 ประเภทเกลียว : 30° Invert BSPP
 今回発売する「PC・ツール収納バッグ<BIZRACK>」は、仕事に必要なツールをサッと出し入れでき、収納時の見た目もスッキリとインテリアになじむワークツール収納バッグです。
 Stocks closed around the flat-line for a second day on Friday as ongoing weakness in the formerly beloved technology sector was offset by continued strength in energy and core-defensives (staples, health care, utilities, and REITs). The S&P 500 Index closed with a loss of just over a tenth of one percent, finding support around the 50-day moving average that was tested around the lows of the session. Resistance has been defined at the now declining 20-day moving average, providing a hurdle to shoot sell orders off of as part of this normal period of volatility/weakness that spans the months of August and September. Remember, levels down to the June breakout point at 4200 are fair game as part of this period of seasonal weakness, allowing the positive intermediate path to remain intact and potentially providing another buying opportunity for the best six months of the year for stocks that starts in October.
=======
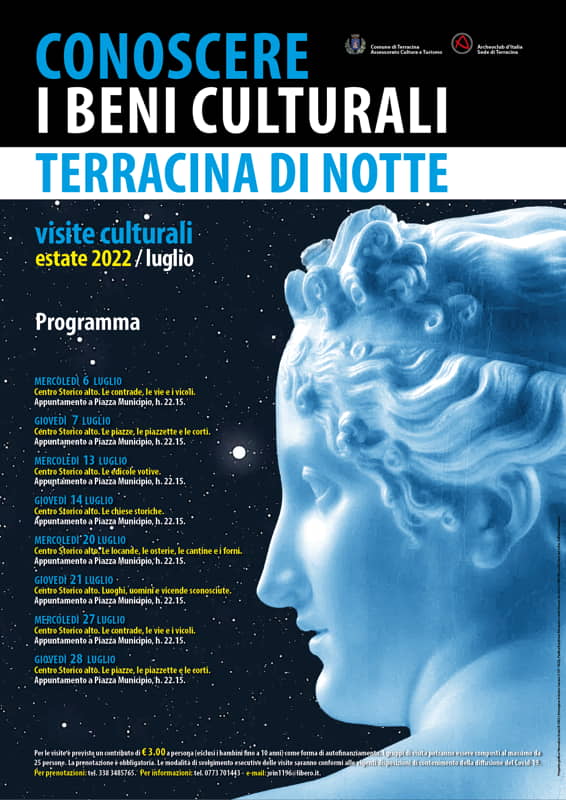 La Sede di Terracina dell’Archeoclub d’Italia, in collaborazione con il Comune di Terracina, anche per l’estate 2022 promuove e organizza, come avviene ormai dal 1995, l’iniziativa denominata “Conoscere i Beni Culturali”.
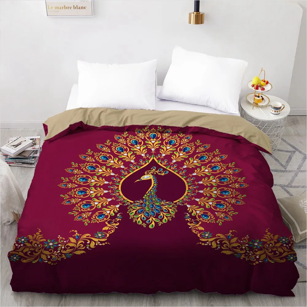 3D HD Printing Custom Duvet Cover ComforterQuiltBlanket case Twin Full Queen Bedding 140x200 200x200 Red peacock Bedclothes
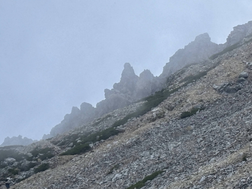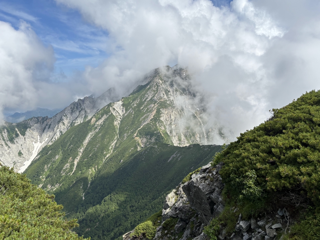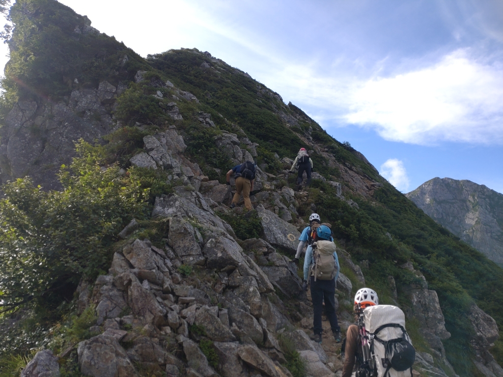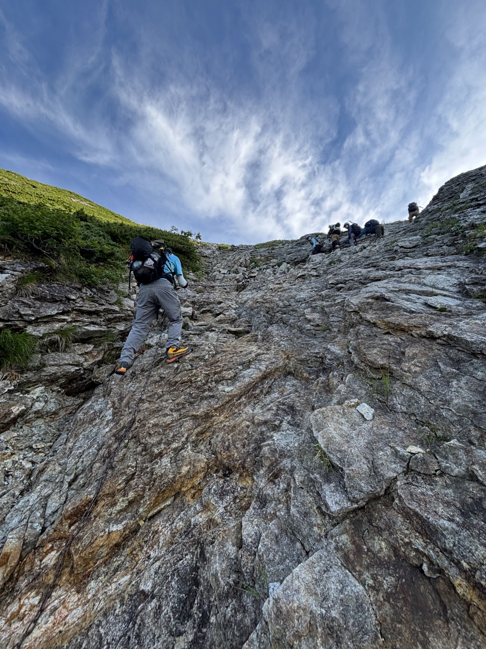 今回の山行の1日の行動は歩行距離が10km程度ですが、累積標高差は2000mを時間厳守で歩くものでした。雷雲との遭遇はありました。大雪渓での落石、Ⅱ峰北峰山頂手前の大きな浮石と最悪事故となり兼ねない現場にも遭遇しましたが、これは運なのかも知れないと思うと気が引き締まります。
=======
(Directions for this task): The lines above starting at the one that contains "ประเภทเกลียว : 30° Invert BSPP" and ending at the one that contains "Stocks closed around" must be transcribed exactly, and no other lines may appear.

(Solution for this problem):
 ประเภทเกลียว : 30° Invert BSPP
 今回発売する「PC・ツール収納バッグ<BIZRACK>」は、仕事に必要なツールをサッと出し入れでき、収納時の見た目もスッキリとインテリアになじむワークツール収納バッグです。
 Stocks closed around the flat-line for a second day on Friday as ongoing weakness in the formerly beloved technology sector was offset by continued strength in energy and core-defensives (staples, health care, utilities, and REITs). The S&P 500 Index closed with a loss of just over a tenth of one percent, finding support around the 50-day moving average that was tested around the lows of the session. Resistance has been defined at the now declining 20-day moving average, providing a hurdle to shoot sell orders off of as part of this normal period of volatility/weakness that spans the months of August and September. Remember, levels down to the June breakout point at 4200 are fair game as part of this period of seasonal weakness, allowing the positive intermediate path to remain intact and potentially providing another buying opportunity for the best six months of the year for stocks that starts in October.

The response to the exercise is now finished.